Source material -
········
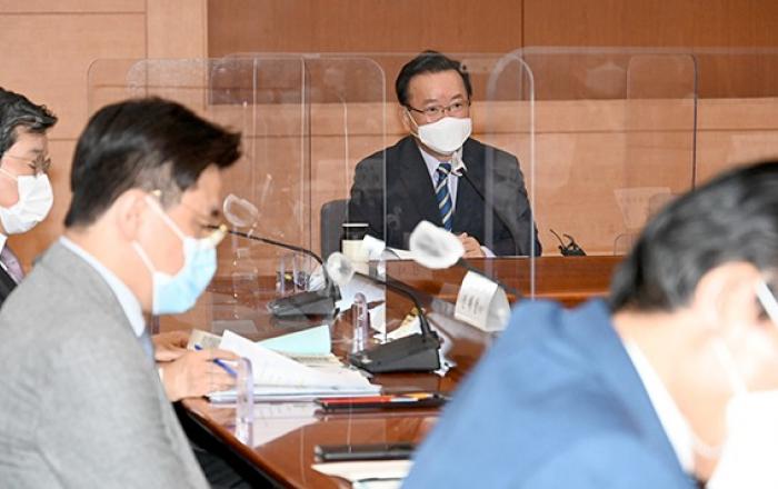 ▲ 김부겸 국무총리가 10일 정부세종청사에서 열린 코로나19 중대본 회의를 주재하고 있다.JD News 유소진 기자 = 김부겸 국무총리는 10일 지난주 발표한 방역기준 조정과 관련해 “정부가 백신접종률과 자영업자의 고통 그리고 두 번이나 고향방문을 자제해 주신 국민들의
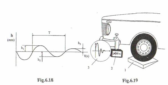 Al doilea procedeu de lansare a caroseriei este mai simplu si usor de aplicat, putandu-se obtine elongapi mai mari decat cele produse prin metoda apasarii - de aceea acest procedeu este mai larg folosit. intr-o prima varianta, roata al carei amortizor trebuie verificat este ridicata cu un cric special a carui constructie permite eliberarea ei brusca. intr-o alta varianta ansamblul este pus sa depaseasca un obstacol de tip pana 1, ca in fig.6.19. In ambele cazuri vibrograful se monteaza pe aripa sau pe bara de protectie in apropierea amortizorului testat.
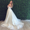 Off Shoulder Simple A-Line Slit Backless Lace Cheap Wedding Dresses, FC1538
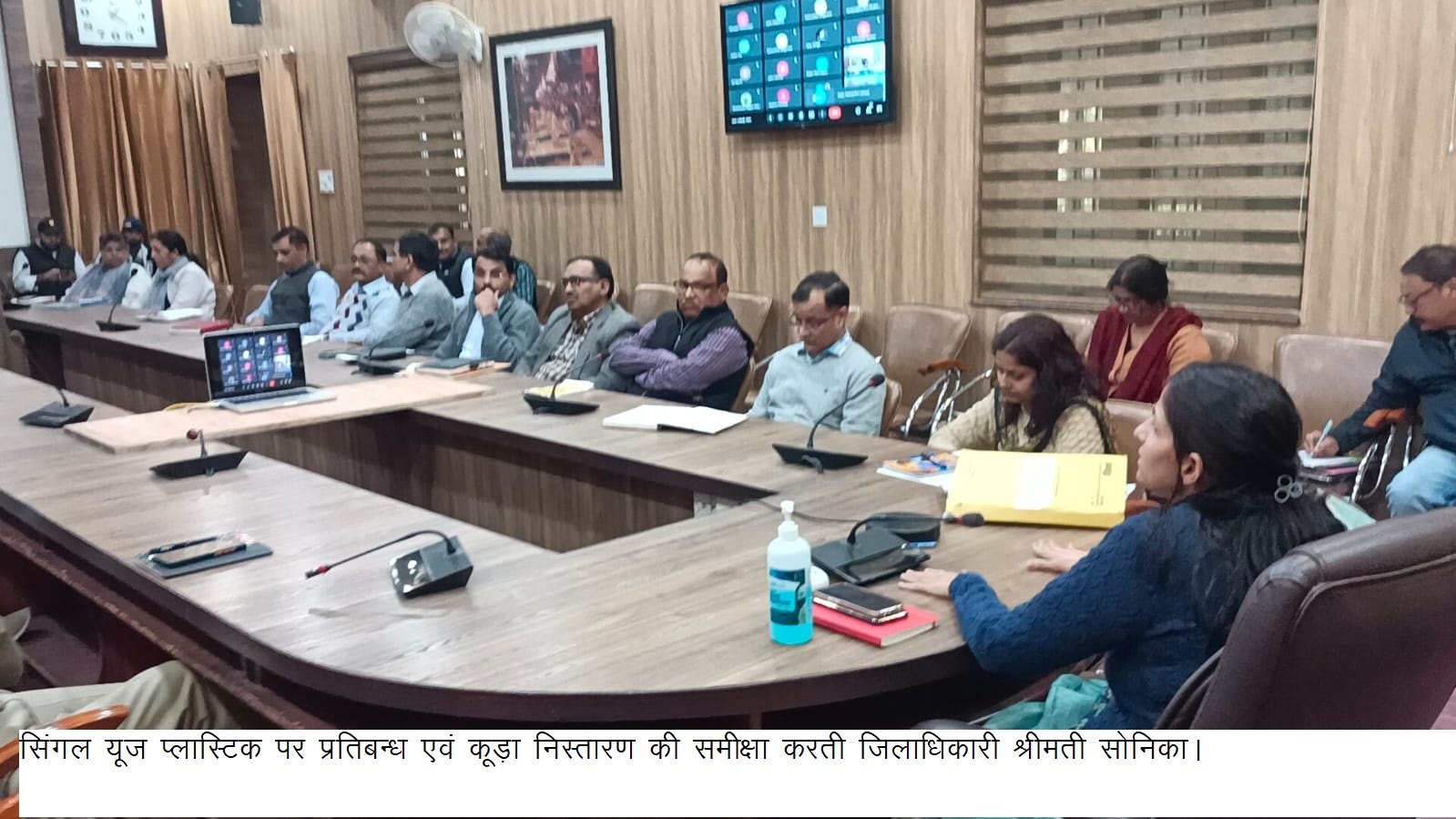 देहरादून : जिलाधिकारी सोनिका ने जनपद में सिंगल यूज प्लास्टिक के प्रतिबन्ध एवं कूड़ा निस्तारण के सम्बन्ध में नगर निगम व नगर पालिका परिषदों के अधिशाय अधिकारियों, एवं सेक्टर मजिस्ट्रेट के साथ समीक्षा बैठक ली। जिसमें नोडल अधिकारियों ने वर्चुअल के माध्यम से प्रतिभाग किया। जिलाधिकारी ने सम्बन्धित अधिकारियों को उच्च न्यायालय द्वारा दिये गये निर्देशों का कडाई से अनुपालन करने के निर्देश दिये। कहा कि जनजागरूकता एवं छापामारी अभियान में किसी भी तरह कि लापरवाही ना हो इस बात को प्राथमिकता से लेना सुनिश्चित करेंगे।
········
Assigned task - Reproduce the entire listing exactly, but omit any pictures.

Answer for this exercise -
 ▲ 김부겸 국무총리가 10일 정부세종청사에서 열린 코로나19 중대본 회의를 주재하고 있다.JD News 유소진 기자 = 김부겸 국무총리는 10일 지난주 발표한 방역기준 조정과 관련해 “정부가 백신접종률과 자영업자의 고통 그리고 두 번이나 고향방문을 자제해 주신 국민들의
 Al doilea procedeu de lansare a caroseriei este mai simplu si usor de aplicat, putandu-se obtine elongapi mai mari decat cele produse prin metoda apasarii - de aceea acest procedeu este mai larg folosit. intr-o prima varianta, roata al carei amortizor trebuie verificat este ridicata cu un cric special a carui constructie permite eliberarea ei brusca. intr-o alta varianta ansamblul este pus sa depaseasca un obstacol de tip pana 1, ca in fig.6.19. In ambele cazuri vibrograful se monteaza pe aripa sau pe bara de protectie in apropierea amortizorului testat.
 Off Shoulder Simple A-Line Slit Backless Lace Cheap Wedding Dresses, FC1538
 देहरादून : जिलाधिकारी सोनिका ने जनपद में सिंगल यूज प्लास्टिक के प्रतिबन्ध एवं कूड़ा निस्तारण के सम्बन्ध में नगर निगम व नगर पालिका परिषदों के अधिशाय अधिकारियों, एवं सेक्टर मजिस्ट्रेट के साथ समीक्षा बैठक ली। जिसमें नोडल अधिकारियों ने वर्चुअल के माध्यम से प्रतिभाग किया। जिलाधिकारी ने सम्बन्धित अधिकारियों को उच्च न्यायालय द्वारा दिये गये निर्देशों का कडाई से अनुपालन करने के निर्देश दिये। कहा कि जनजागरूकता एवं छापामारी अभियान में किसी भी तरह कि लापरवाही ना हो इस बात को प्राथमिकता से लेना सुनिश्चित करेंगे।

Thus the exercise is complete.